John Eastman, who pressured former Vice President Mike Pence to overturn the 2020 presidential election, intends to invoke his Fifth amendment right against self-incrimination, while at the same time claiming that he did nothing illegal. Politico reported the news on Friday.
Eastman is one of several anti-democracy activists who were issued subpoenas in November by the House Select Committee investigating the Jan. 6 Capitol riot. He would be the second to plead the Fifth, along with former Justice Department lawyer Jeffrey Clark.
“Members of this very Committee have openly spoken of making criminal referrals to the Department of Justice and described the Committee’s work in terms of determining ‘guilt or innocence,'” Eastman’s lawyer wrote in a Dec. 1 letter to Chair Bennie Thompson (D-Miss.). “Dr.
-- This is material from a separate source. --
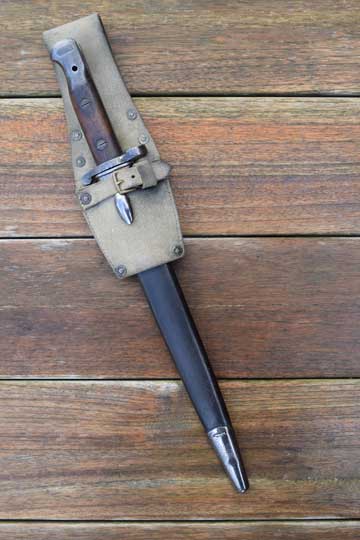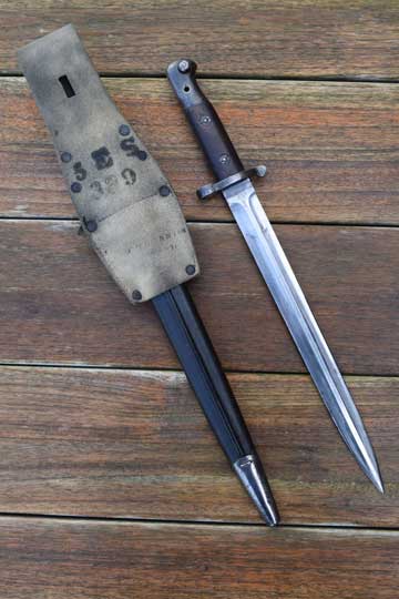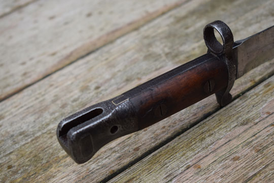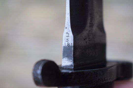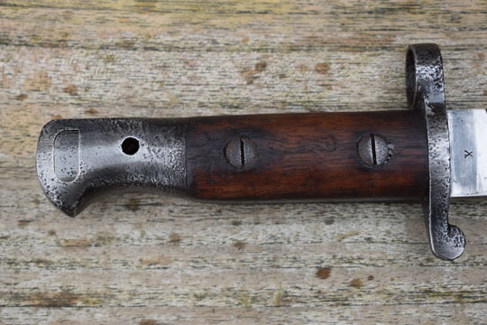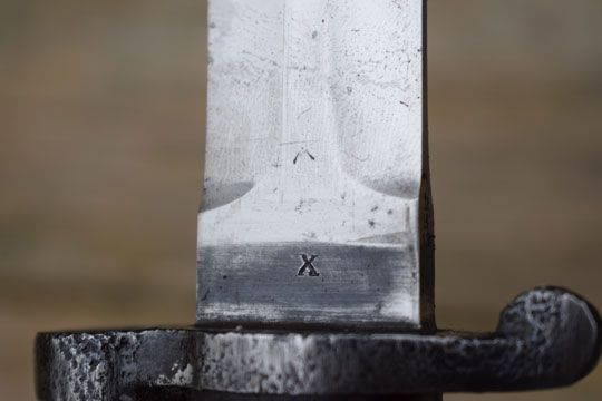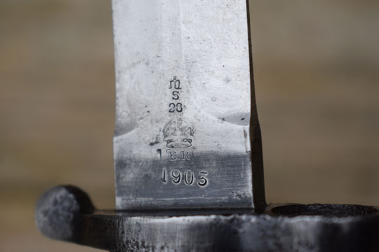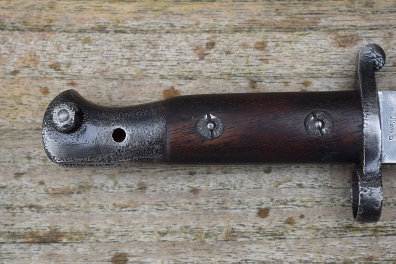 British SMLE .303 rifle. Excellent bright finished double edged blade with a central rib. The first cm is blackened. Crown over ER (Edward Rex) 1903 and Sheffield inspection marking very crisp on the ricasso. The reverse side is marked /I\, and a bending mark: X. Blade spine is marked with two Sheffield inspection markings. Opposite is marked with a Birmingham inspection marking. Very nice blued pommel with oil hole and blued crossquard with muzzle ring. MRD 16.5 mm. Pommel and crossguard are showing spots of peppering to light pitting only. Excellent wooden grips secured by two screws bolts. The right grip is marked with an inspection stamp.
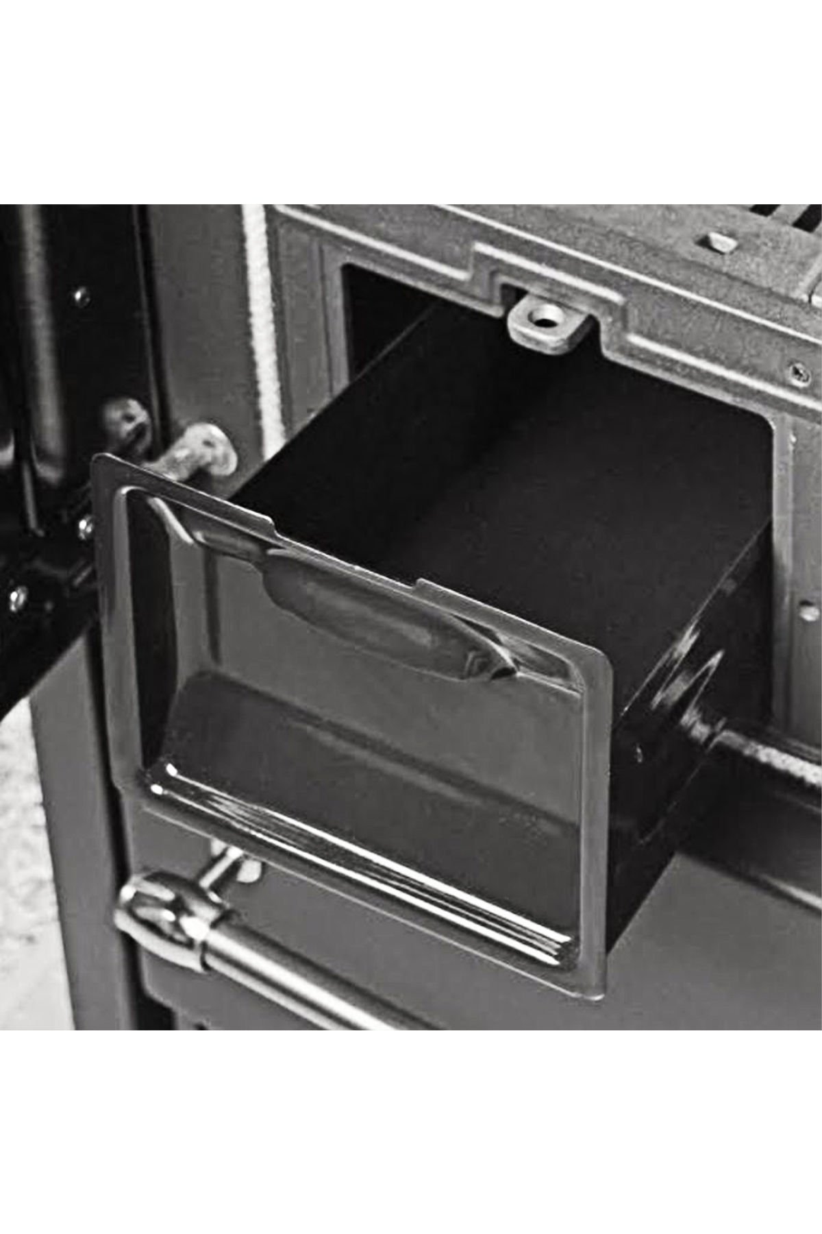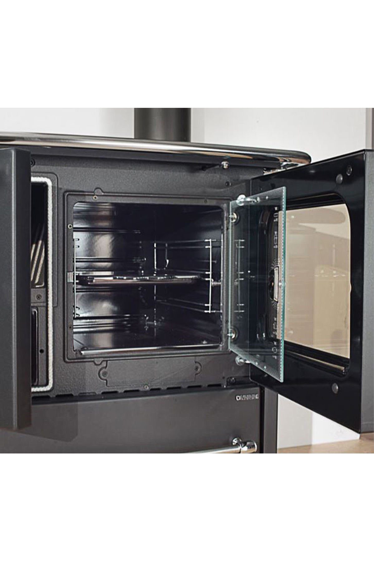 Sovrana Easy Evo 2.0 Antrasit Kuzine Sobası'nın Solda, kapısı çift camlı ve 700 ° C’ye kadar ısıya dayanıklı olan dökme demir yanma bölümü bulunmaktadır. Sağ taraftaki emaye fırında üç fırın tepsisi veya bir ızgara için yer vardır. Teslimat kapsamına bir fırın tepsisi dahildir. Büyük, iki bölmeli kapı sayesinde yemeklerinizi her zaman göz önünde bulundurursunuz. Sovrana Easy Evo 2.0 Antrasit Kuzine Sobasının alt bölümünde büyük bir depolama çekmecesi bulunmaktadır. Bu bölümde odunlarınızı kurutabilir veya tencerelerinizi saklayabilirsiniz.

Eastman has a more than reasonable fear that any statements he makes pursuant to this subpoena will be used in an attempt to mount a criminal investigation against him.”
Eastman also took issue with “the lack of a ranking minority member” on the committee, with his lawyer writing that “House Rules and longstanding precedent require bipartisanship in the appointment of committees, both standing and select.”
There are only two Republicans — Reps. Liz Cheney (R-Wyo.) and Adam Kinzinger (R-Ill.) — Jan. 6 committee, as House Minority Leader Kevin McCarthy (R-CA) back in July withdrew all five of his picks after House Speaker Nancy Pelosi (D-Calif.) rejected two of his recommendations, Rep. Jim Jordan (R-Ohio) and Rep. Jim Banks (R-Ind.) — probably because each had voted to overturn the 2020 election results in Pennsylvania and Arizona.
Eastman also decried the committee taking testimony in “secret proceedings,” which are really just standard closed-door depositions that occur on Capitol Hill regularly.
Eastman’s complaints thus ring hollow, especially in light of the disgraceful — and unprecedented — acts he planned out for Jan. 6. If his memos were adhered to, then Pence would have unilaterally tossed out “invalid” electoral votes from seven states, and recognized alternate, pro-Trump electors, in effect re-electing the president.